O QUE OUÇO É MINHA VIDA

Em uma noite típica do outono paulistano, Vanessa se apresentou no lançamento do livro da jornalista Flora Miguel. Uma apresentação intimista de voz e violão em uma pequena livraria e café na entrada da Vila Madalena para um público selecionado. Ao terminar a primeira canção, um homem exclamou: “que voz linda! Eu sou cego, o que eu ouço é a minha vida!”, o que pode ser uma excelente metáfora acidental para o próprio trabalho da cantora e compositora. A vida, ou melhor, a potencialidade do viver é a marca mais característica deste álbum, como se a paralização das atividades fizesse Vanessa cantar sua ânsia de viver. A faixa “Fome de Tudo” talvez seja o exemplo mais pungente desta escolha, o amor que ela buscava ao conceber a obra se materializa em sua voz neste chamado à vida. Nesta simbiose entre público e artista, esta faz do cantar a sua vida e isso reflete no público que, ao ouvi-la, encontra a plenitude da relação.
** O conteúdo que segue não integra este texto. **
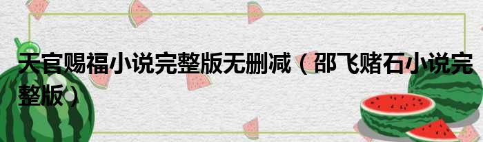 天官赐福小说完整版无删减(邵飞赌石小说完整版)

Sobrevém a potência das canções. Esta potência se marca na dicotomia aparente entre as faixas “Cinema Ilusão” e “Canção de Ninar o Apocalipse”, mas não se encerra apenas nestas faixas. Em um momento em que o obscurantismo está tão forte, o trabalho de Vanessa Bumagny representa um posicionamento não panfletário, mas absolutamente político, sobre a necessidade da arte em nossas vidas.